The first red flag went up when he called me to introduce himself as the boy's coach and informed me of a "mandatory" parent meeting the following week.  Let me stop here and say (if you haven't already figured it out) I'm not a fan having the word "mandatory" thrown at me.  I paid my money for the kid to play tee ball, he'll play whether I come to your stupid meeting or not.  But, the fella offered pizza and I'm not going to miss an opportunity for a free meal.  

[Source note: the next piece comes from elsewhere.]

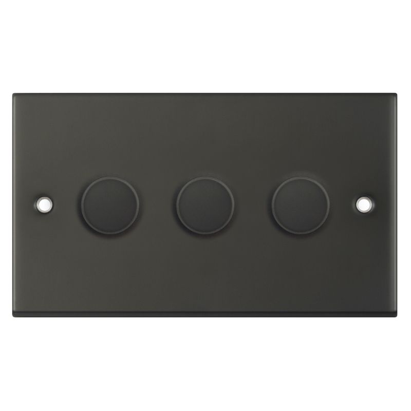 The Selectric 3 Gang 2 Way Dimmer Switch in dark bronze features a push on/off mechanism that provides independent control for three separate lighting circuits. It utilizes advanced technology to provide a smooth dimming range and is specifically designed to eliminate flickering at maximum brightness levels.

Red flag number two: he mentioned that he had spent several years in the Army and was now out and was super excited to teach the boys his brand of tee ball and discipline.  I was hesitant to get my hopes up that this ass would make for good material so I put him on the back burner.  My suspicions were confirmed at this little meeting of his.  The parents were all presented with a three page booklet, complete with clip art, telling us what to expect from his tee ball program.  I couldn't concentrate past the clip art.  No need, he read the letter to us as if we were all drooling idiots.  However, his letter was a grammatical train wreck and I couldn't have understood a word otherwise so his reading it proved to be helpful.  He had prepared a list of important points to discuss with us lowly parents and went through them systematically, checking them off one by one on his iPad.  

While he droned on and on about discipline and "please, no parent interference"  and blah blah blah, I was looking around at his team of misfits.  Fourteen kids make up his tee ball team and not one of them sat in the same spot during the pizza meal.  Some lady lost her kid and frantically searched the park for him during the meeting.  Three kids sat at their seats picking and then eating boogers.  Some wretched kid squirted me with a Capri Sun.  I tripped him up later and he cried to his mother that some lady pushed him down.  Meeting over, time to go home.  R. Lee Tee Ball has his work cut out for him, poor bastard.  

The first practice was a train wreck.  He had no idea how to keep these kids focused on the task at hand: hit ball off tee, make it to first base.  An hour and a half later not one tiny cleat had seen first base.  The last thirty minutes of practice I asked if I could help.  A frustrated tee ball commando told me to "have at it."  I pulled out a pack of gummy life savers and said, "Hey kids!  Hit the ball, run to first base.  I'll meet you there with a gummy."  Five minutes and fourteen gummies later I had made more progress than he did in an hour and a half.  And I left my whistle and iPad at home.  DAMN I'M GOOD!